## Problem statement
Your reply should contain the whole listing below, repeated exactly, and no images.

## Data shown

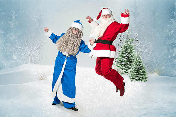 Personažai: Kalėdų Senelis ir Santa Klausas.
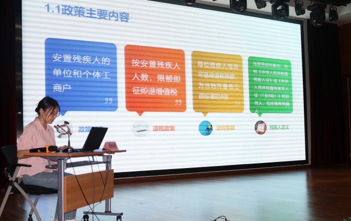 多部门协同发力,政策解读全面覆盖。区残联从政策背景、征缴流程、办理要点等方面,讲解残保金征缴“一件事”;区就业促进中心针对人社就业政策,介绍就业帮扶、岗位补贴、职业技能培训等相关举措;区税务局以分税种讲解的方式,阐述相关的增值税、企业所得税、个人所得税及城镇土地使用税减免等税收优惠政策,助力企业“明政策、会操作、享红利”。
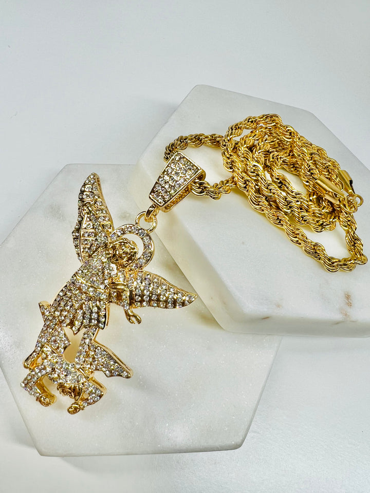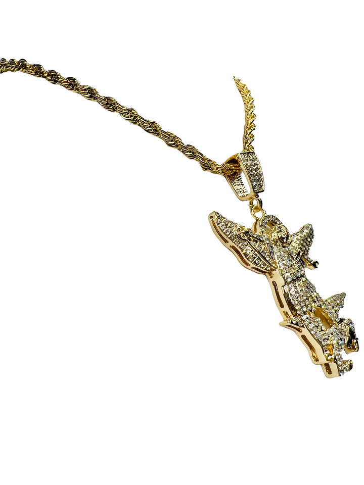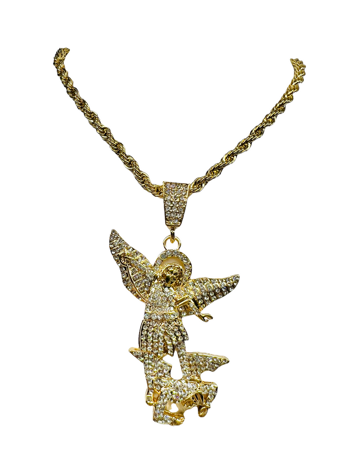 St Michael Archangel Large St Michael Archangel Pendant Pendant has white color CZ stones Includes a Rope 24K Gold Filled Stainless Steel Necklace 24K Gold Filled Pendant Measures 80mm Necklace Measures...

## Answer section
 Personažai: Kalėdų Senelis ir Santa Klausas.
 多部门协同发力,政策解读全面覆盖。区残联从政策背景、征缴流程、办理要点等方面,讲解残保金征缴“一件事”;区就业促进中心针对人社就业政策,介绍就业帮扶、岗位补贴、职业技能培训等相关举措;区税务局以分税种讲解的方式,阐述相关的增值税、企业所得税、个人所得税及城镇土地使用税减免等税收优惠政策,助力企业“明政策、会操作、享红利”。
 St Michael Archangel Large St Michael Archangel Pendant Pendant has white color CZ stones Includes a Rope 24K Gold Filled Stainless Steel Necklace 24K Gold Filled Pendant Measures 80mm Necklace Measures...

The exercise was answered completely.